Relix
A Redis-backed indexing layer that can be used with any (or no) backend data storage.
Rationale
With the rise in popularity of non-relational databases, and the regular use of relational databases in non-relational ways, data indexing has become an aspect of data storage that you can't simply assume is handled for you. More and more applications are storing their data in databases that treat that stored data as opaque, and thus there's no query engine sitting on top of the data making sure that it can be quickly and flexibly looked up.

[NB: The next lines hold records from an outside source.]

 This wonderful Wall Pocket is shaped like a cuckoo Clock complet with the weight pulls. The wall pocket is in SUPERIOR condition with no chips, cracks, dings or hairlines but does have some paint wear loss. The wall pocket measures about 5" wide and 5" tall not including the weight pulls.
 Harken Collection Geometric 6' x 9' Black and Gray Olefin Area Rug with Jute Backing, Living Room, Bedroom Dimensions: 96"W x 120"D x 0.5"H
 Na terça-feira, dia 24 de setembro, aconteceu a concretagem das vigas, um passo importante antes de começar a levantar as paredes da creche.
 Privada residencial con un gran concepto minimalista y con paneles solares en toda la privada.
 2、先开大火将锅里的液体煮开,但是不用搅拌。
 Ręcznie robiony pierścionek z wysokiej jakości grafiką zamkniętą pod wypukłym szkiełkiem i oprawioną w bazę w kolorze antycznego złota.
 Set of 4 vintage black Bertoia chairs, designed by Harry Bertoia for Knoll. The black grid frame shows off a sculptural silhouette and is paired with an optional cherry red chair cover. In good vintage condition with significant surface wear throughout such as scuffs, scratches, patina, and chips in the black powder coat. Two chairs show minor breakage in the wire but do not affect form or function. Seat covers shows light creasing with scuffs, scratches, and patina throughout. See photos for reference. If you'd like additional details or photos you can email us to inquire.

Relix is a layer that can be added on to any model to make all the normal types of querying you want to do: equality, less than/greater than, in set, range, limit, etc., quick and painless. Relix depends on Redis to be awesome at what it does - blazingly fast operations on basic data types - and layers on top of that pluggable indexing of your data for fast lookup.
Philosophy
- Performance is paramount - be FAST.
- Leverage Redis and its strengths to the hilt. Never do in Relix what could be done in Redis.

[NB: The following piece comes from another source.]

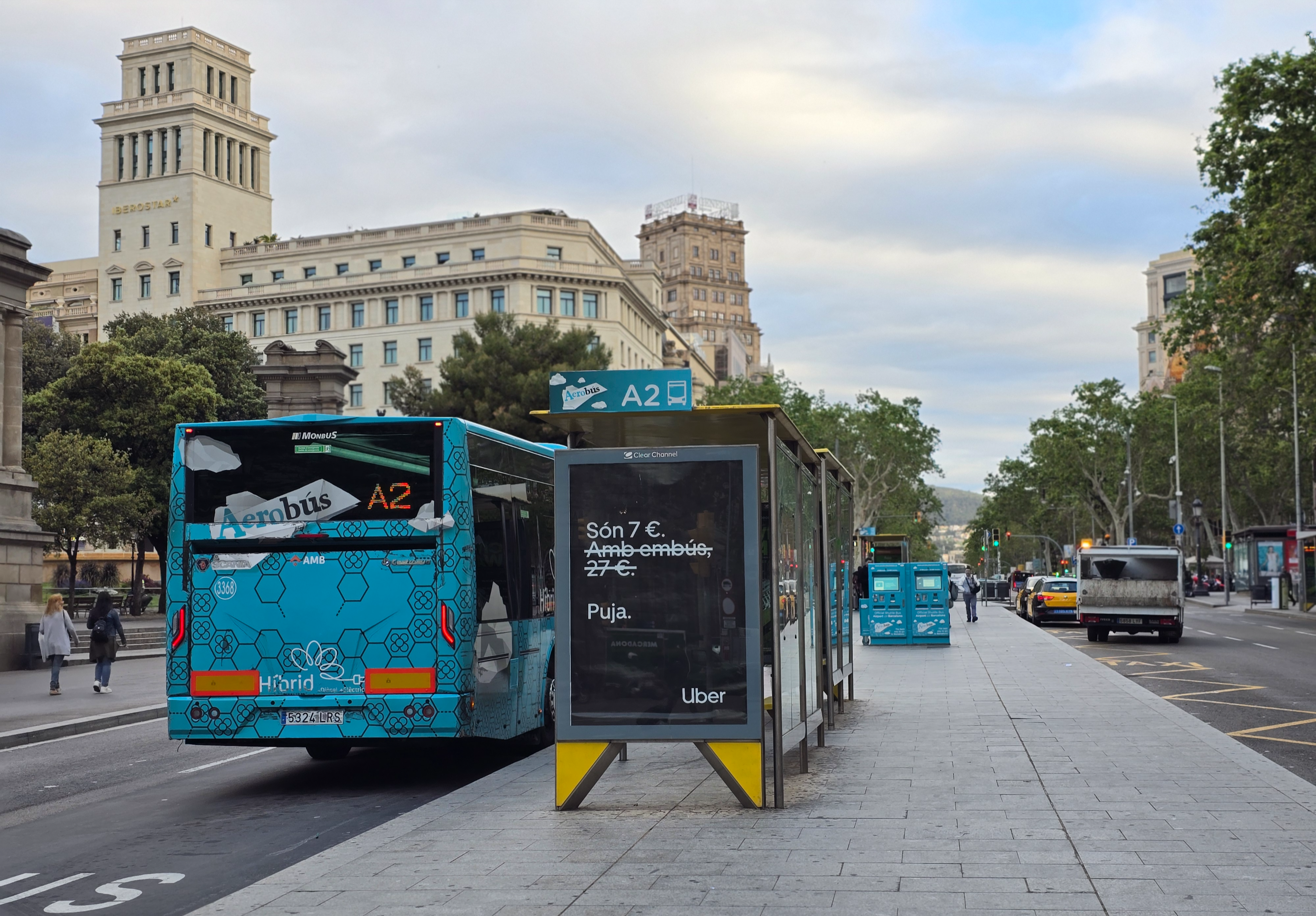 까딸루냐 광장 앞의 공항버스 타는 곳입니다. 첫날 샀던 왕복표를 이용하여 탑승합니다. 사진에는 A2 만 보이는데 저 앞에 매표기 쪽에 A1도 있어요. 부엘링은 A1이라 앞으로 이동하여 버스에 탑승합니다. 거의 상주하다시피 해서 기다리는 시간도 거의 없어요.

- Be extremely tolerant to failure. ** Since we can't guarantee atomicity with the backing datastore, index early and clean up later. ** Make continuous index repair easy since the chaos monkey could attack at any time.
- Be pluggable; keep the core simple and allow easy extensibility
Installation
If you're using bundler, add Relix to your Gemfile:
gem 'relix'
Otherwise gem install:
$ gem install relix
You can configure the Redis host, port and db like so:
Relix.host = 'app-1'
Relix.port = 10000
Relix.db = 5
Relix requires Redis 2.6 or later.
Usage
To index something in a model, include the Relix module, declare the primary key (required), and declare any additional indexes you want:
class Transaction
include Relix
attr_accessor :key, :account_key, :created_at
relix do
primary_key :key
multi :account_key, order: :created_at
unique :by_created_at, on: :key, order: :created_at
end
def initialize(key, account_key, created_at)
@key = key
@account_key = account_key
@created_at = created_at
# Trigger the actual indexing
index!
end
end
Transaction.new(1, 1, Time.parse('2011-09-30'))
Transaction.new(2, 2, Time.parse('2011-09-29'))
Transaction.new(3, 2, Time.parse('2011-10-01'))
Transaction.new(4, 2, Time.parse('2011-08-30'))
Note the #index! call to trigger actual indexing.
Now that your indexes are declared, you can use an index to do a lookups:
p Transaction.lookup{|q| q[:account_key].eq(1) } # => [1]
p Transaction.lookup{|q| q[:account_key].eq(2) } # => [4,2,3]
The result is always an array of primary keys. You can also use a bare lookup to return all records:
p Transaction.lookup # => [1,2,3,4]
# Also useful for counting:
p Transaction.lookup.size # => 4
Some indexes can be ordered by default:
p Transaction.lookup{|q| q[:account_key].eq(2)} # => [4,2,3]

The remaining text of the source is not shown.